Alexander Salamat and Raylene Gutierrez are charming as Santiago and Ofelia. Gutierrez fully realizes Ofelia’s practical façade that covers a spirit as romantic and imaginative as her daughter Marela’s. Salamat conveys Santiago’s frustrations with his inadequacies as a businessman as well as his fierce desire to hold his family together in traditional ways.

Hannah JoBeth Roark plays the flighty but lovable Marela with just the right amount of insouciance and innocence and in stark contrast to the unhappy Conchita, played with intensity by Elizabeth Elliott. Her passionate affair with Juan Julian (Carlos D. Perez Beltran) exposes all of Conchita’s own repressed desires. Beltran’s Juan Julian is intriguing and just slightly dangerous as his sensitivity and passion for stories stirs the emotions of those around him. Danny Shaw deftly captures Cheche’s twitchy personality, and Jordan Foote practically quivers with repressed rage and jealousy over Conchita’s affair.
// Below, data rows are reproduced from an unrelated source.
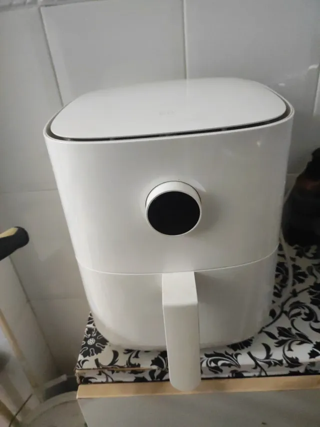 Freidora de aire en color blanco, con un diseño moderno y compacto. - Panel frontal con dial. - Asa extraíble para el cajón. - Se vende por no usarla.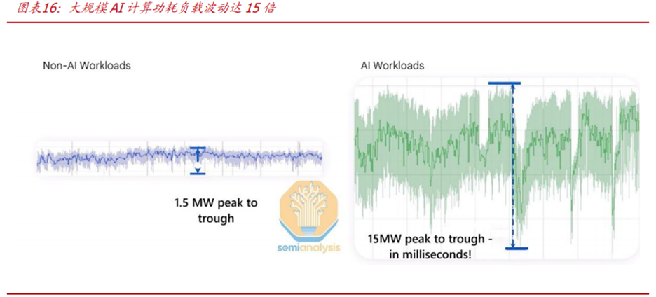 大规模AI计算会带来剧烈功率波动,从而对电网稳定提出前所未有的挑战。AIDC用电具有负荷集中、功率大且运行模式呈现全天候特征。传统云计算产生的电力波动很小,随着AI大模型训练规模急剧扩张至数万GPU集群,功耗的剧烈波动会造成数据中心电力负荷的剧烈波动。例如在训练大语言模型时,数千张GPU同步执行计算会导致机架的功耗在几毫秒内从约30%的“空闲”状态飙升至100%,再迅速回落。根据谷歌云,云数据中心和人工智能数据中心之间的负载波动存在约15倍的差异。这种剧烈波动不仅会对机柜级配电造成较大压力,当AI数据中心的整体规模足够大,意味着数亿瓦的功率在几秒钟内急剧变化,对公用电网的稳定性构成了直接威胁。而美国电网平均年龄超40年,审批一座新变电站需耗时数年,欧洲也面临电网老化和审批复杂的挑战,这种算力“指数级”飙升与电力供给“线性级”增长之间的结构性脱节所形成的矛盾日渐加剧。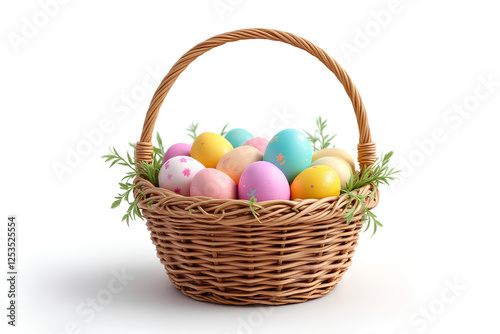 © Pitohui, Naklejka premium Delightful Easter egg basket overflowing with pastel colored eggs and adorned with green foliage on a pristine white background celebrating springtime

Director Julie Rae Mollenkamp has skillfully guided her performers in exploring these characters, helping them evoke the reality of this Cuban immigrant family. Dennis Christilles’ set design adds to this production’s success. The beautifully painted floor framed by gauzy curtains juxtaposed with the plain workstations of the factory is a visual realization of the conflicts between the old and the new, the traditional and the modern. Likewise, Ellie Kleinwort’s costume design shows off all the characters’ love of the beautiful even in the atmosphere of the factory. Cheche is the only character not extravagantly — even elegantly — dressed. His subdued business suit reminds us of his dedication only to the efficient making of money.

Inspired by Tolstoy’s novel, “Anna in the Tropics” explores the passions and tragedies of lives caught in a moment of transition, exposing the fragility of the family bond when it is faced with a dehumanizing modern world. To reinforce that bond, they must nourish their imaginations with stories.

“Anna in the Tropics” continues with shows at 5:30 p.m. today and April 11, 2:30 p.m. Sunday and 7:30 p.m. Wednesday, Thursday and Friday, all at the Inge Theatre in KU’s Murphy Hall.